== Work item ==
Omit the pictures, then write out every entry exactly as it reads.

== Material for this task ==
☆ ☆ ☆ ☆

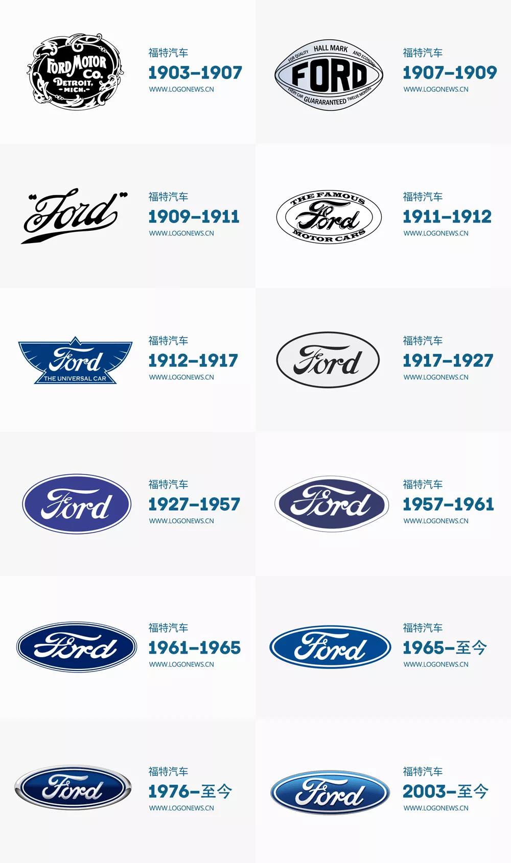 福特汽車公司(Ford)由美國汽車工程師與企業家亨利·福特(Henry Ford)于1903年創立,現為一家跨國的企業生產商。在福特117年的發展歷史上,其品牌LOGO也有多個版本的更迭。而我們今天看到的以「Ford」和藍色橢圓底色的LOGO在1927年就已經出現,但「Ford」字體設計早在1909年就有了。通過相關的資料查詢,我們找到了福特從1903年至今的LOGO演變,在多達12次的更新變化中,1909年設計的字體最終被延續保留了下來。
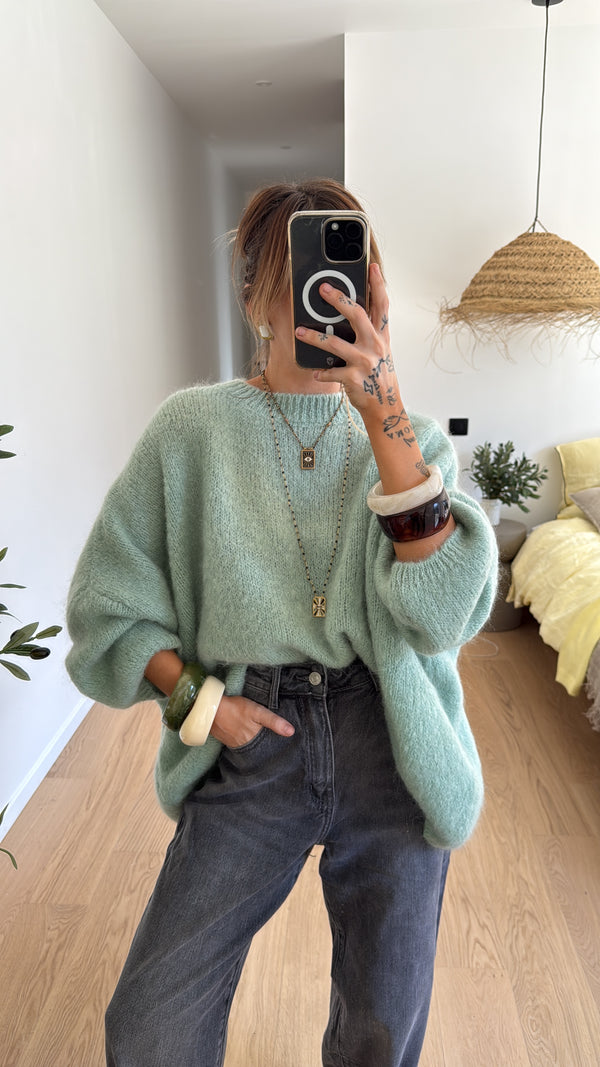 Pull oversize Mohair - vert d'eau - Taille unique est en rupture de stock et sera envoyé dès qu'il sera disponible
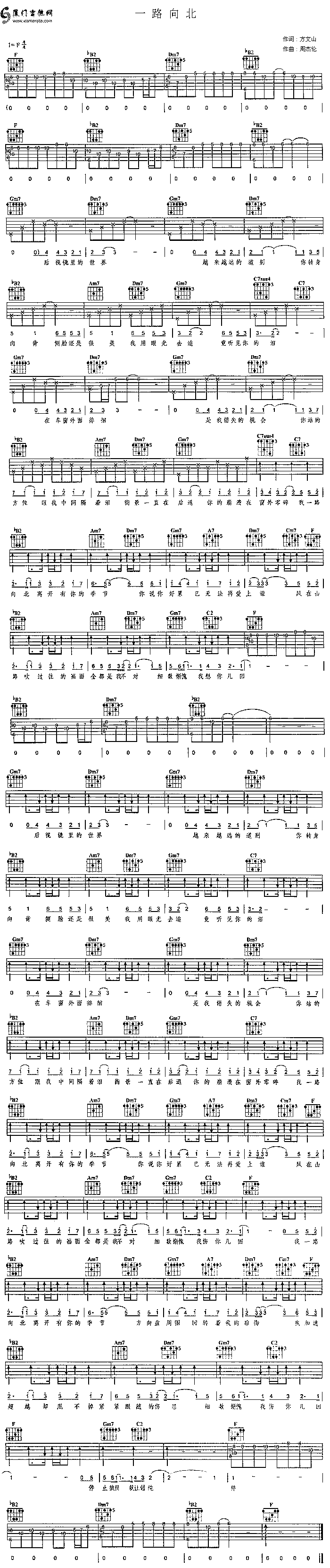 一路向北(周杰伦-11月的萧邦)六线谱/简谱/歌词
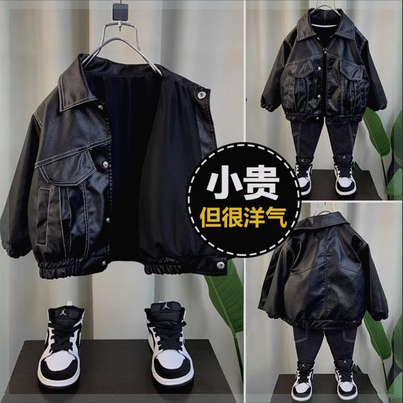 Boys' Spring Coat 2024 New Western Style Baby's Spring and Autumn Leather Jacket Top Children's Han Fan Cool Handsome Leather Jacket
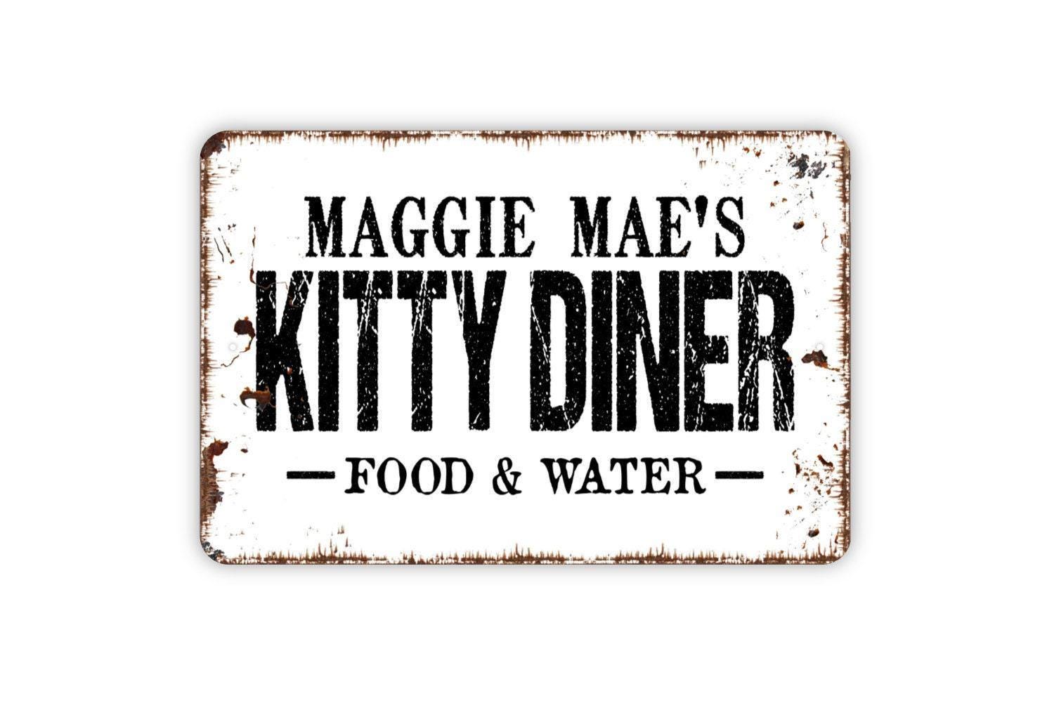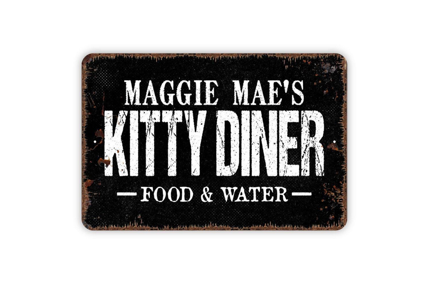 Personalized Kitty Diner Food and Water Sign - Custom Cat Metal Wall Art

☆ ☆ ☆ ☆

== Response to the task ==
 福特汽車公司(Ford)由美國汽車工程師與企業家亨利·福特(Henry Ford)于1903年創立,現為一家跨國的企業生產商。在福特117年的發展歷史上,其品牌LOGO也有多個版本的更迭。而我們今天看到的以「Ford」和藍色橢圓底色的LOGO在1927年就已經出現,但「Ford」字體設計早在1909年就有了。通過相關的資料查詢,我們找到了福特從1903年至今的LOGO演變,在多達12次的更新變化中,1909年設計的字體最終被延續保留了下來。
 Pull oversize Mohair - vert d'eau - Taille unique est en rupture de stock et sera envoyé dès qu'il sera disponible
 一路向北(周杰伦-11月的萧邦)六线谱/简谱/歌词
 Boys' Spring Coat 2024 New Western Style Baby's Spring and Autumn Leather Jacket Top Children's Han Fan Cool Handsome Leather Jacket
 Personalized Kitty Diner Food and Water Sign - Custom Cat Metal Wall Art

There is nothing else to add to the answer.